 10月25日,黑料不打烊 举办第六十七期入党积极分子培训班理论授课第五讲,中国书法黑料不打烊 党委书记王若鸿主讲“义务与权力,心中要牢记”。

◆ ◆ ◆ ◆ ◆ ◆ ◆

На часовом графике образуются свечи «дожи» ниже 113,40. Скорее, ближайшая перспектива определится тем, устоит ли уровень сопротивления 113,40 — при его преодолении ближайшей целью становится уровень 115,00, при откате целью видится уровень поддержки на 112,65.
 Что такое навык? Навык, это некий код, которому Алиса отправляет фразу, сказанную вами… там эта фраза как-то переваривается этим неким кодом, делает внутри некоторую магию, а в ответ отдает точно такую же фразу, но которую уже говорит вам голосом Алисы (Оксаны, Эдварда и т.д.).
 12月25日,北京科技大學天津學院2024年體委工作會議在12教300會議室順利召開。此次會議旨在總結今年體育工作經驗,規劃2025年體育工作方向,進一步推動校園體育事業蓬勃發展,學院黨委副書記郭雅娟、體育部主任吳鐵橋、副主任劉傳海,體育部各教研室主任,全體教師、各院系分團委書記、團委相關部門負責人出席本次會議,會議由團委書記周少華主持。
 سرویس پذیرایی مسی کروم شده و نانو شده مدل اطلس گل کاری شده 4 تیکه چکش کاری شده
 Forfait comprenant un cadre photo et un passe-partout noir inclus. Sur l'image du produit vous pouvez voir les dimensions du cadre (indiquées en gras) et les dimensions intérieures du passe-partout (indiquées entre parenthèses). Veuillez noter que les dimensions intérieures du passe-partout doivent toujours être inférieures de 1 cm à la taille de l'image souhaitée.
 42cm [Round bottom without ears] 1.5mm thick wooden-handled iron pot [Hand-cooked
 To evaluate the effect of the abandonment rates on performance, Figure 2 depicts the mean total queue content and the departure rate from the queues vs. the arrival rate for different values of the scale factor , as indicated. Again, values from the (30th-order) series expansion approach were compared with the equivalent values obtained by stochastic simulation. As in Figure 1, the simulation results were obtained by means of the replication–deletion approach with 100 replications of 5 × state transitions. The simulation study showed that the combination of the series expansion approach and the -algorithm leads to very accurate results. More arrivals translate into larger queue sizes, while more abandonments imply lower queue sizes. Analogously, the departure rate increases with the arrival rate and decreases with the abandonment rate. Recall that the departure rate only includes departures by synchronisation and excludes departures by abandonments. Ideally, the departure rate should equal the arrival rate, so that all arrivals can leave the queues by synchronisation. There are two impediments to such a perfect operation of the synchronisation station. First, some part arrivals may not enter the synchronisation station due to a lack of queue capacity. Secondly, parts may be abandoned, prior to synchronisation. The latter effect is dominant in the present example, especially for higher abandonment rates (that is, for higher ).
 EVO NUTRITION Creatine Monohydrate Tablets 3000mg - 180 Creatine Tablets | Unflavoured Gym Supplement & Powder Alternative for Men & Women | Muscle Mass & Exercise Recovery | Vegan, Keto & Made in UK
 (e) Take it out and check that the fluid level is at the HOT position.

◆ ◆ ◆ ◆ ◆ ◆ ◆

**WHAT THE EXERCISE ASKS:**
Retype only the stretch of lines above starting at the one with "На часовом графике" and stopping at the one with "42cm [Round bottom", exactly as written, with both kept.

**WRITTEN RESPONSE:**
На часовом графике образуются свечи «дожи» ниже 113,40. Скорее, ближайшая перспектива определится тем, устоит ли уровень сопротивления 113,40 — при его преодолении ближайшей целью становится уровень 115,00, при откате целью видится уровень поддержки на 112,65.
 Что такое навык? Навык, это некий код, которому Алиса отправляет фразу, сказанную вами… там эта фраза как-то переваривается этим неким кодом, делает внутри некоторую магию, а в ответ отдает точно такую же фразу, но которую уже говорит вам голосом Алисы (Оксаны, Эдварда и т.д.).
 12月25日,北京科技大學天津學院2024年體委工作會議在12教300會議室順利召開。此次會議旨在總結今年體育工作經驗,規劃2025年體育工作方向,進一步推動校園體育事業蓬勃發展,學院黨委副書記郭雅娟、體育部主任吳鐵橋、副主任劉傳海,體育部各教研室主任,全體教師、各院系分團委書記、團委相關部門負責人出席本次會議,會議由團委書記周少華主持。
 سرویس پذیرایی مسی کروم شده و نانو شده مدل اطلس گل کاری شده 4 تیکه چکش کاری شده
 Forfait comprenant un cadre photo et un passe-partout noir inclus. Sur l'image du produit vous pouvez voir les dimensions du cadre (indiquées en gras) et les dimensions intérieures du passe-partout (indiquées entre parenthèses). Veuillez noter que les dimensions intérieures du passe-partout doivent toujours être inférieures de 1 cm à la taille de l'image souhaitée.
 42cm [Round bottom without ears] 1.5mm thick wooden-handled iron pot [Hand-cooked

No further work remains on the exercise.